Verteilungskämpfe befürchtet
Deutschland, die Niederlande und Österreich befürchten, dass bei einem Deckel Flüssiggas nicht mehr nach Europa kommen könnte. Bei einem Mangel würden dann Verteilungskämpfe unter den Staaten ausbrechen, die die EU vor eine Zerreißprobe stellen würden. Kanzler Karl Nehammer (ÖVP) sagte vergangene Woche, es sei notwendig, „dass ausreichend Gas verfügbar ist, das Angebot sich nicht verknappt, und die andere Komponente ist, dass es leistbar bleibt“. Der deutsche Kanzler Olaf Scholz hatte einen Preisdeckel gefordert, der so hoch ist, dass er nie greifen werde. Andere Staaten wollen hingegen einen möglichst geringen Preis.
188 Euro wären deutlich weniger, als die EU-Kommission in der Vergangenheit vorgeschlagen hatte und was Deutschland abgelehnt hatte. Derzeit liegt der Gaspreis deutlich unter 188 Euro, der Deckel wäre aber im Sommer in Kraft getreten, als der Marktpreis zeitweise auf 350 Euro gestiegen war. Experten halten es für möglich, dass der Gaspreis nach einem harten Winter wieder auf über 200 Euro steigt, wenn die Staaten zum Frühjahr ihre Speicher füllen müssen.

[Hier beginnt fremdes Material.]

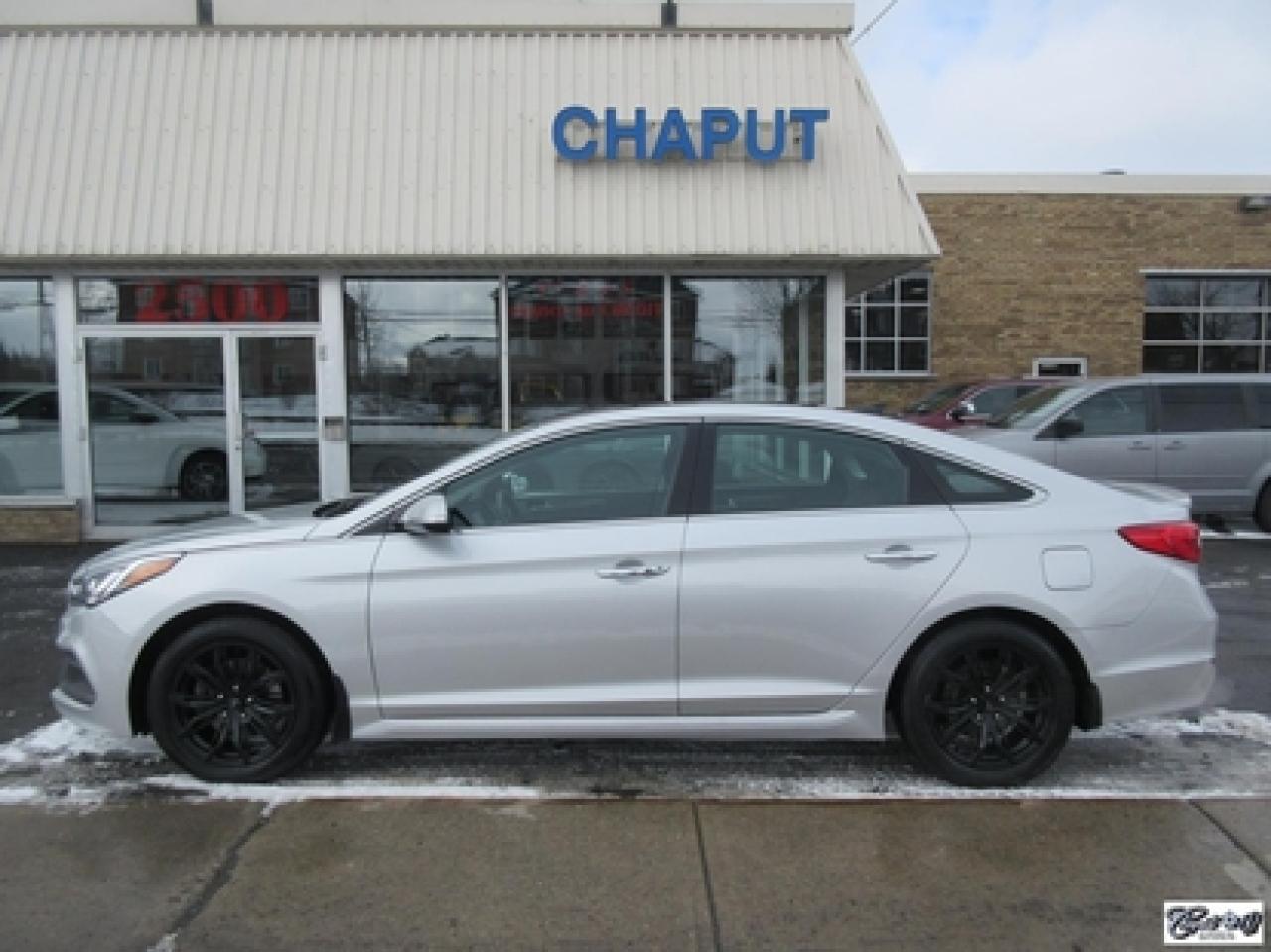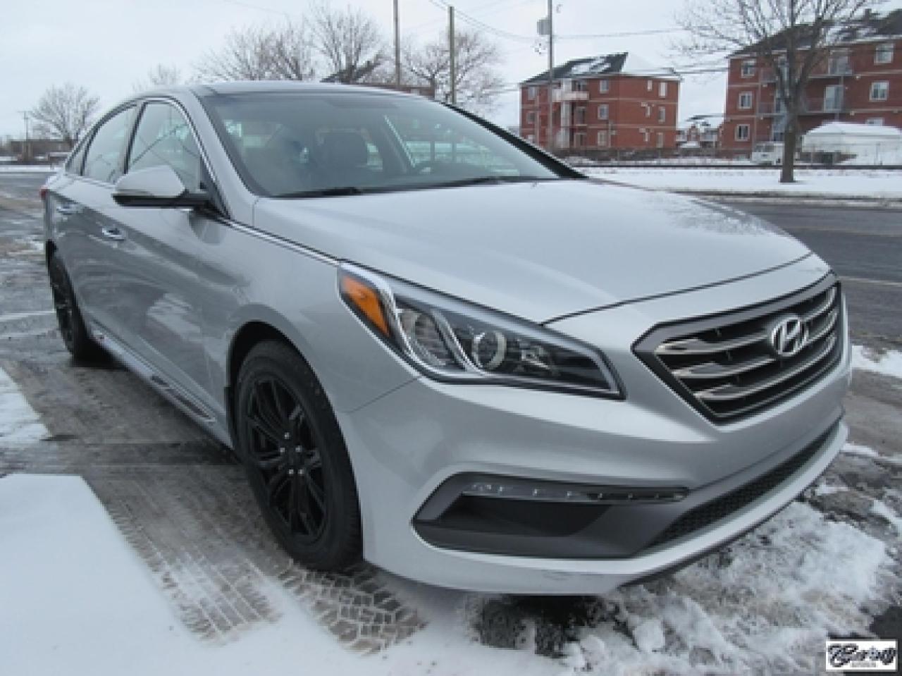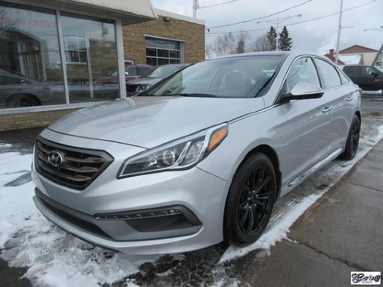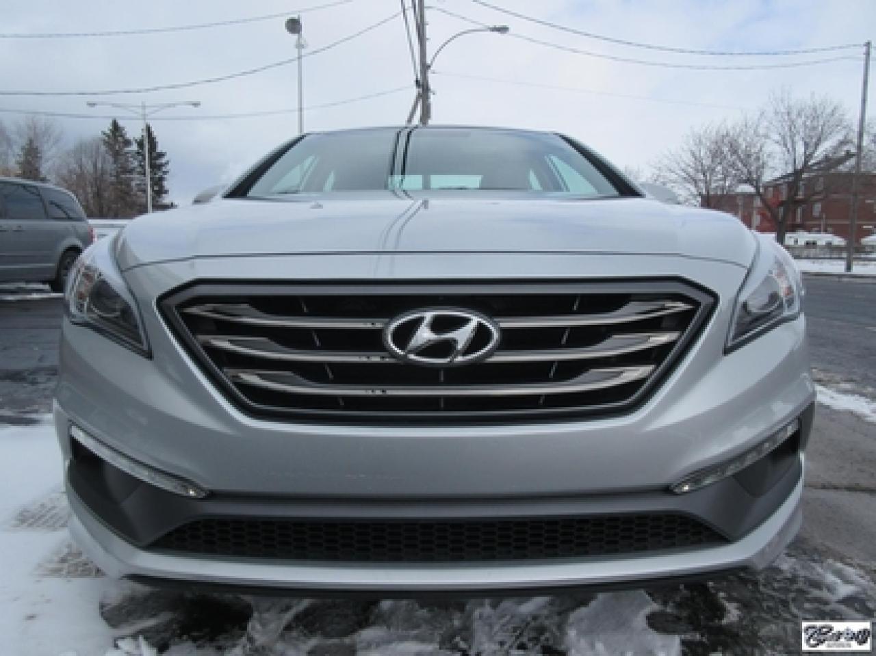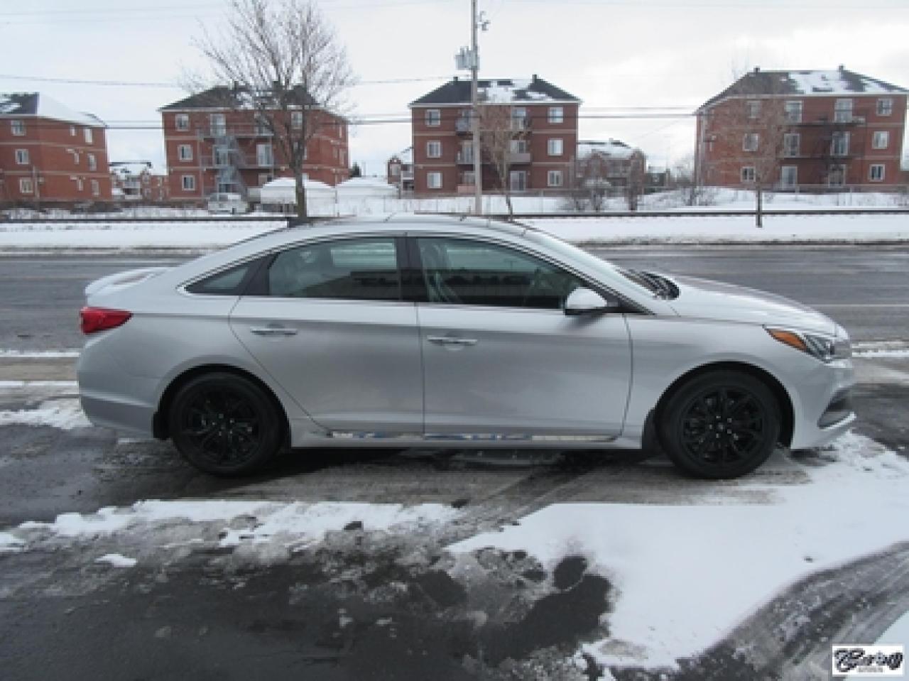 Hyundai Sonata Sport Tech 2016\n\nRégulateur de vitesse, Toit ouvrant, Essuie-glaces intermittents, Anti-démarreur, Freins ABS, Contrôle de stabilité, Coussin gonflable conducteur, Lecteur CD, Lecteur MP3, Coffre - Ouverture à distance, Miroirs chauffants, Portes électriques, Sièges électriques, Tachymètre, Vitres électriques, Air climatisé, Intérieur en cuir, Climatisation deux zones, Commandes audio au volant, Sièges arrières rabattables, Sièges chauffants, Volant ajustable, Aileron, Moulures protectrices latérales, Tapis protecteurs, Radio satellite, Ordinateur de bord, Caméra de recul, Radio AM/FM, Direction assistée, Télédéverrouillage, Système d'alarme, Rétroviseurs électriques, Jantes en alliage, Antipatinage, Phares antibrouillards, Coussins gonflables, Verrous de sécurité pour enfants, Dégivreur de lunette arrière, Miroirs ajustables de l'intérieur, Sièges baquets, Technologie Bluetooth intégrée, Port USB, Climatiseur automatique, Volant chauffant\n\nWOW!!! 8 PNEUS COMME NEUFS (été + hiver) + 8 MAGS INCLUS, intérieur cuir et tissus, toit panoramique, NAVIGATION, caméra de recul, entrée sans clé, "bluetooth", gr. électrique, A/C, climatisation et chauffage thermostatique et +++. Carproof disponible, aucun accident!!!

Bei Mehrheit droht neuer Zank
Möglich wäre am Montag ein Beschluss mit sogenannter qualifizierter Mehrheit. Dafür müssten 15 der 27 Staaten dafür stimmen, die mindestens 65 Prozent der Bevölkerung repräsentieren. Aber auch wenn es heute zu einer Einigung der Minister kommt, sind damit nicht alle Probleme gelöst - auch weil unter anderem der Betreiber des betroffenen Handelsplatzes TTF damit droht, den derzeit in den Niederlanden angesiedelten Handelsplatz ins EU-Ausland zu verschieben. Sollte der Mechanismus beschlossen werden, müsse man alle Optionen prüfen bis hin zu der Frage, ob ein effektiver Markt in den Niederlanden noch lebensfähig sei, teilte der Betreiber Intercontinental Exchange (ICE) mit.